The Pacific Northwest has always invoked images of lush forested
landscapes and travelog vistas. More recently, such images have
been marred by much-publicized controversies pitting spotted owls
and salmon against logging interests and power companies. But, as
Robert Bunting shows, such conflicts are only the most recent
emblems of the competition for dominion in the Douglas-fir region
running from southern Canada to northern California.
Bunting chronicles this struggle from the first sustained
contact between Native American and Euro-American cultures to 1900,
when Frederick Weyerhaeuser's purchase of 900,000 acres of
Washington forest completed one of the largest land deals in U.S.

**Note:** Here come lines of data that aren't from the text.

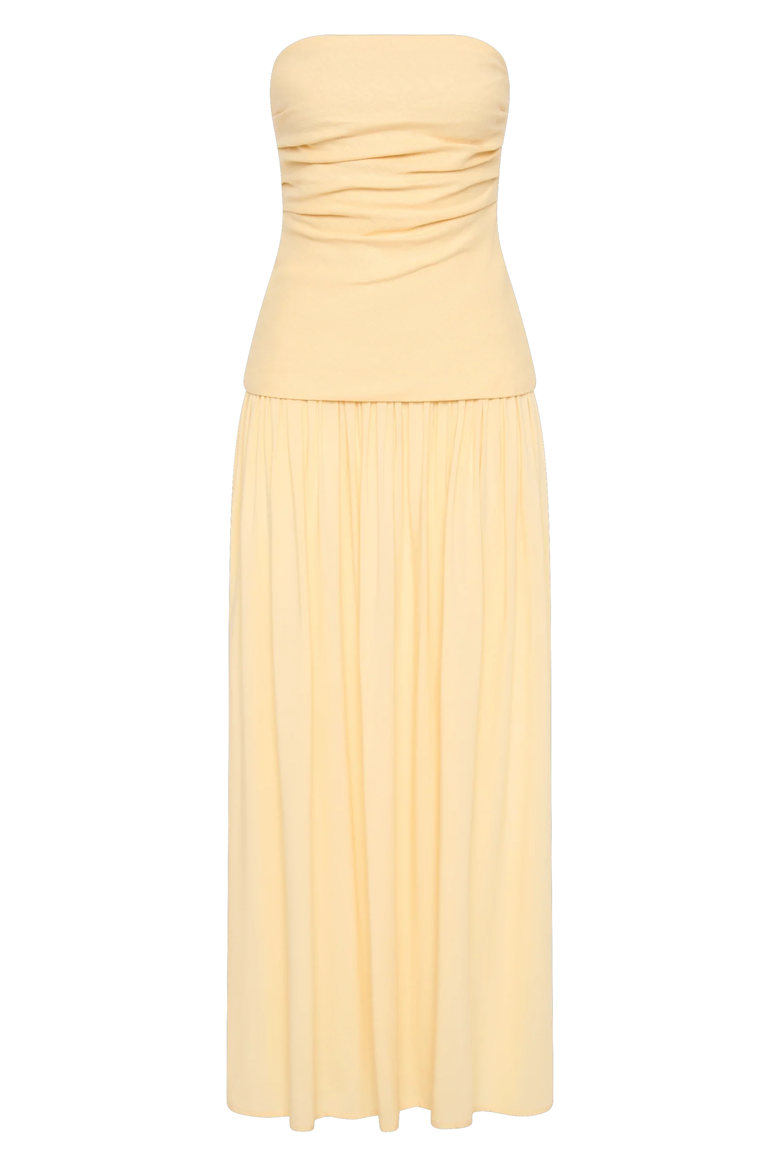 The silhouette of the season. A maxi dress with a fitted bodice designed from a signature 100% European Flax® linen fabrication, with gathered detailing across the front. It features a drop waist with a soft gathered skirt that flares into a slight A-line shape, cropping below the ankles. The skirt is designed from a rayon fabrication, offering a unique contrast to the bodice. In a buttery yellow, wear with a simple heel for effortless yet elevated occasion wear.
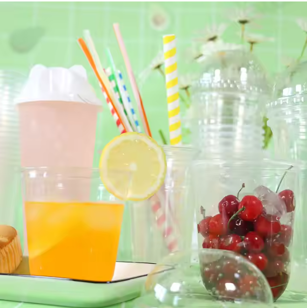Taza plástica REDONDA/PET/alimentos y bebidas contiene/paredes simples con tapa
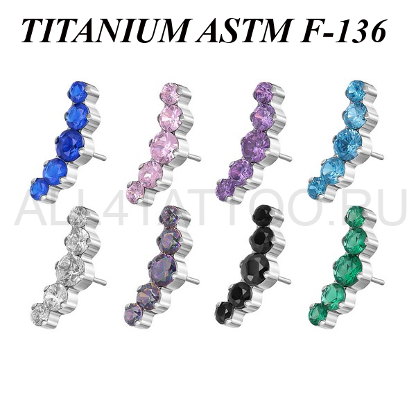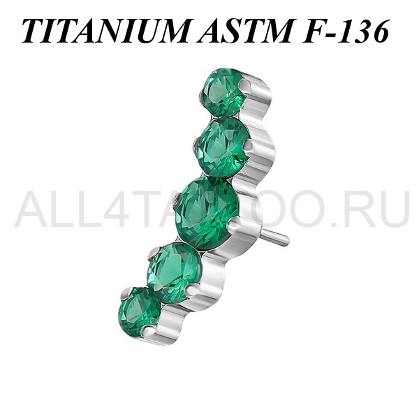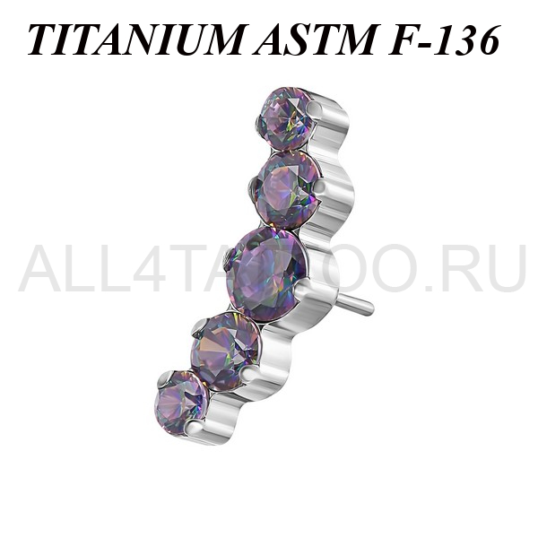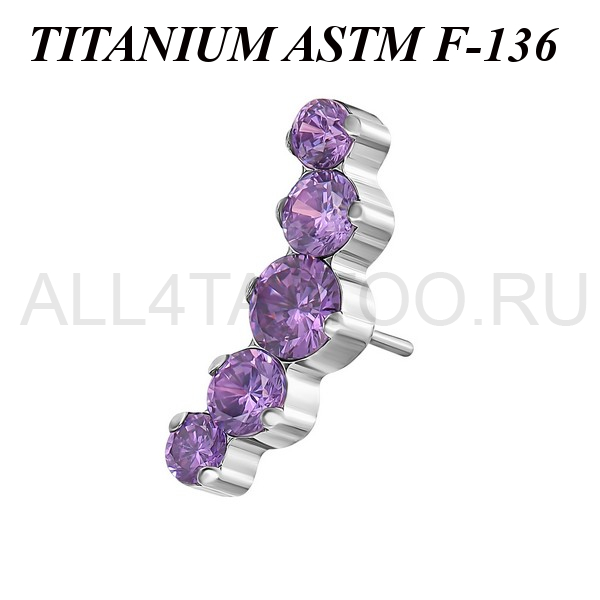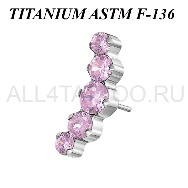 Вставка из имплантационного титана 6Al-4V-Eli ASTM: F-136 для безрезьбовых украшений. Украшена кластером с пятью фианитами. Размер декоративной части: 4,3х12мм.
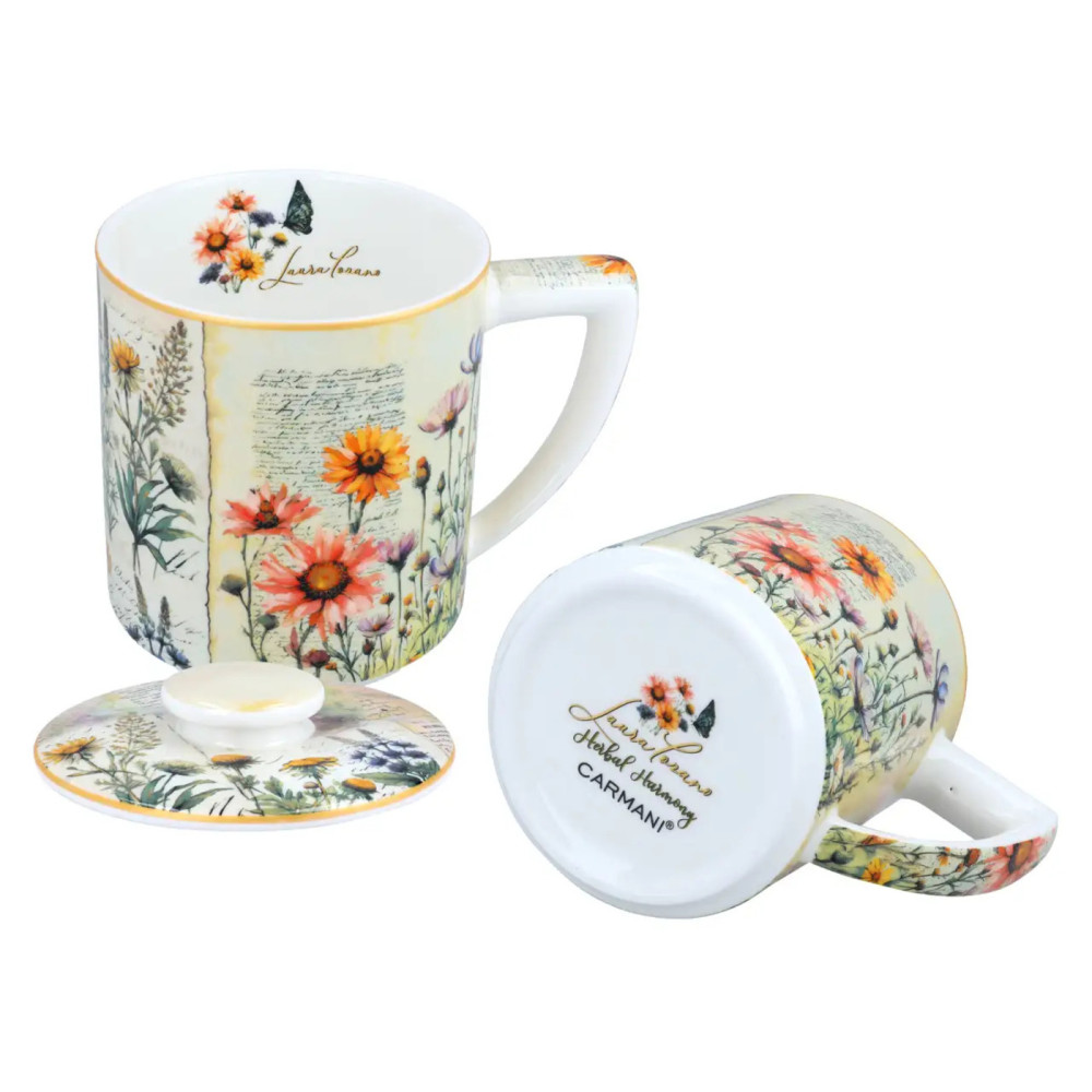 Kubek Herbal Harmony marki Carmani to doskonała propozycja dla miłośników herbaty i ziołowych naparów. Delikatne, roślinne wzornictwo autorstwa L. Lozano wprowadza harmonię i spokój do codziennych rytuałów, czyniąc każdą chwilę relaksu jeszcze przyjemniejszą.

history. He depicts an evolving Eden that was never as
environmentally pristine nor as viciously exploited as some have
suggested, but which reflected the complex relations created by
competing cultures amidst the illusion of inexhaustible
abundance.
Bunting describes in detail this distinctive bioregion and
reveals how various groups of people have viewed it, struggled to
possess it, and been shaped by it. His study illuminates the
contrasting ways in which Indians and non-Indians interacted with
the environment and with each other; the underlying myths that
governed such differences; the actual environmental attitudes of
western settlers rather than eastern intellectuals; the
inextricable links between environmental and human exploitation, as
well as between ecological and cultural stability; and the
curiously divergent paths of development taken by the two raincoast
states, Washington and Oregon.
An exemplar of the new environmental history, "The Pacific
Raincoast" expands our understanding of a vital place that
witnessed the clash of cultures; fired the imaginations of Lewis
and Clark and generations of restless Americans; conjured up
visions of empire for timber corporations; and eventually provided
a showcase battleground for environmentalists.